Quote Originally Posted by R Pope
Try hooking your toe under the pedal and lifting it up. Some hydraulic clutches are adjusted that way. There is no other adjustment. If that doesn't do it, your clutch may be wrong, not thick enough from the flywheel to the fingers.
When bleeding it, reach in and pry the bearing away from the fingers to expel all the air. That's the trouble with that setup, there's no way to get the slave cylinder completely collapsed with it all together.
The guy had the Flywheel ground, how much I don't know, I'll check tomorrow.

The pedal comes up all the way now after they bleed it the third time so there is nowhere to pull it up from.

I don't understand how the slave works, in my third picture with me pulling it back against the spring..... what pushes it forward? I saw it move but don't know what does it.

I'll try pulling it back and bleeding it again.
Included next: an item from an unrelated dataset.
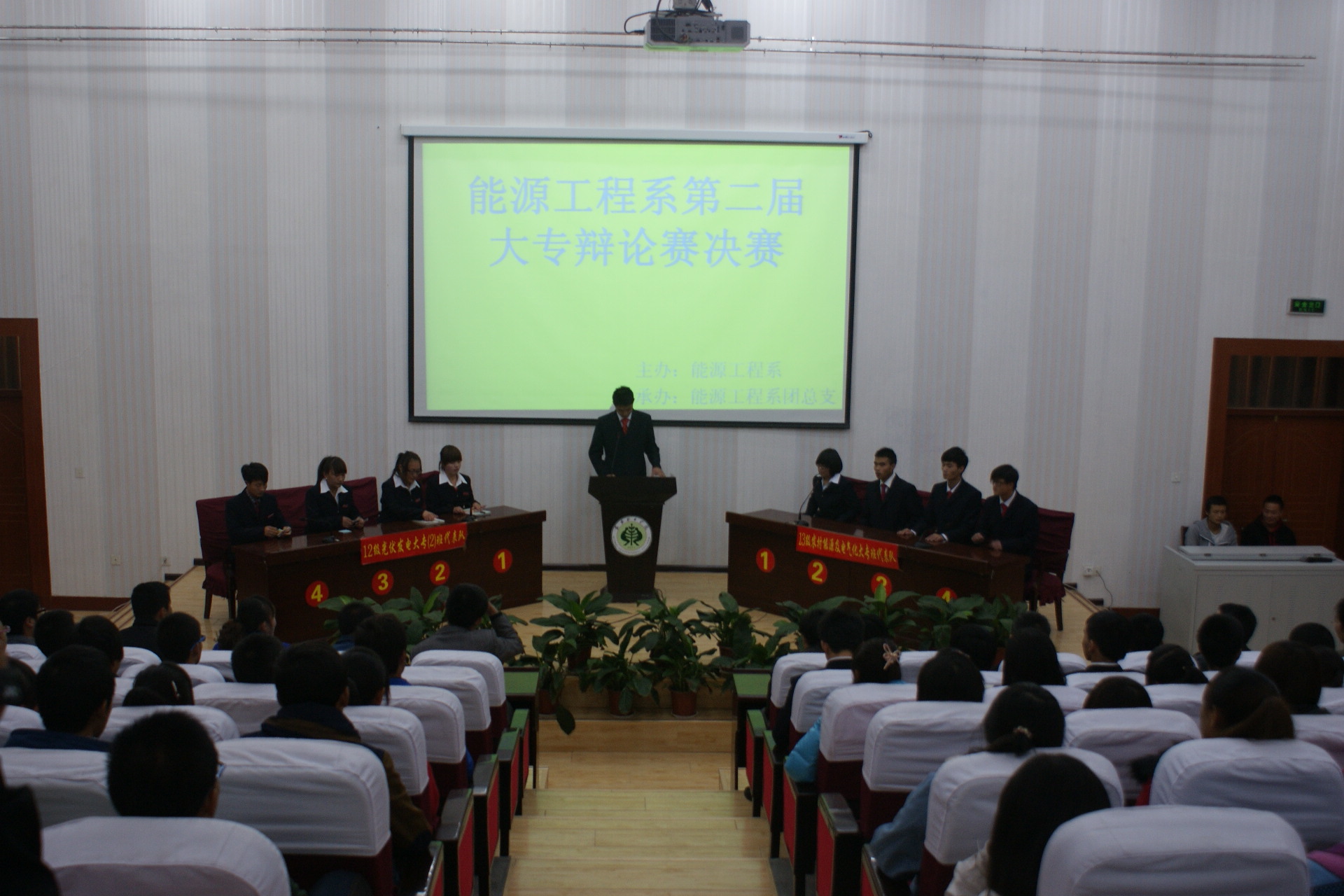 11月10日晚,能源工程系在东阶梯教室成功举办了能源工程系第二届大专生辩论赛三、四名和冠、亚军争夺战。能源工程系全体老师和大一、大二学生共270人参加了本次决赛。本次比赛在班级初赛的基础上有8支代表队的32名选手代表班级参加了全系比赛,经过系部复赛、半决赛两个阶段的激烈竞争,最终有四支代表队晋级决赛。
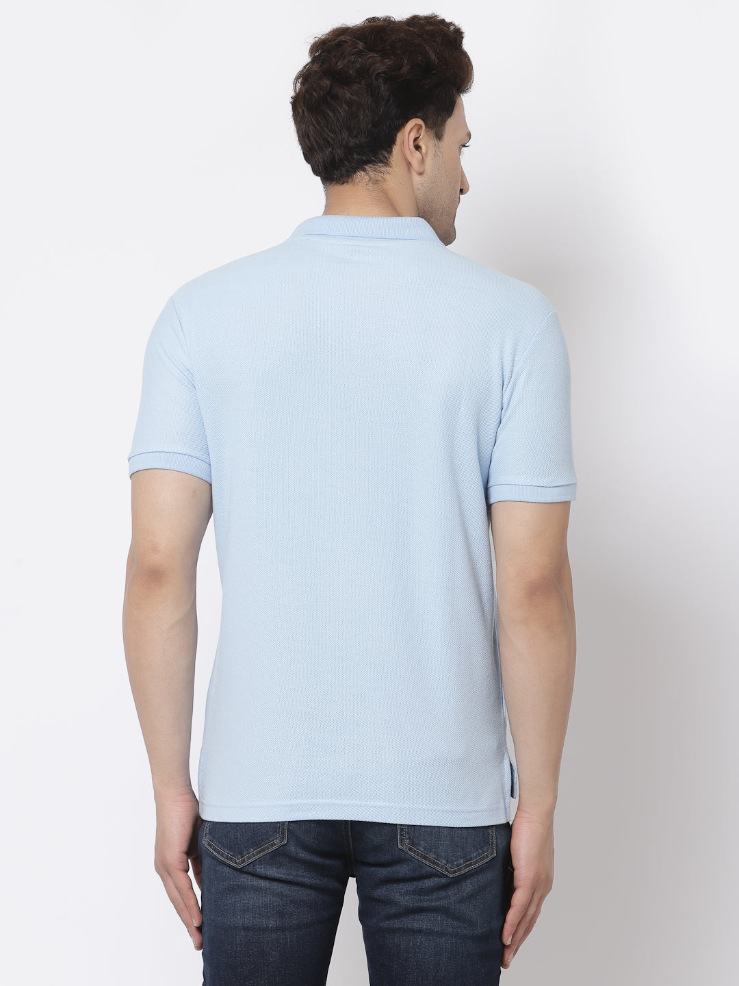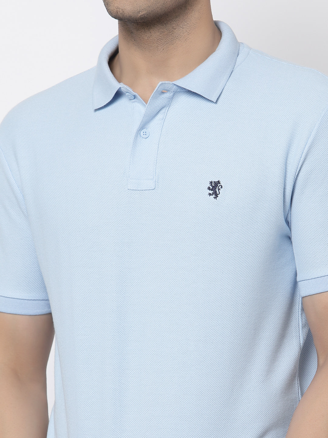 Wallow in charming choIce for your weekend-wear range like this Powder Blue t-shirt from RED TAPE. Showcasing a embroidered logo on solid pattern for added appeal, the casual-fit creation comes rendered from 100% cotton, honey comb weave & 220 GSM fabric, flaunting an half sleeves & a collar neck.

I've been looking up articles on the net and the seem to conflect with each other.... some say don't Bench Bleed the Master and others say do it. One said to put it in a vise with the connecting hose on it and put a small object in the Check Valve to keep it open. Place hose into reservoir and pump it slowly, after bubbles stop remove object from from hose while it is still in the fluid, replace the rubber and cap. Then do the Slave by using a vacuum pump, when done hook up the Qiuck Disconnect line. Then bleed it the regular way to get out any air that got there hooking up the line. Have an assistant push the peddle down BUT not all the way to the floor, put a hammer head under peddle to keep it off the floor (DO NOT PUMP THE PEDDLE). Open valve and bleed. The author said it took a half hour to do it, Ya Right.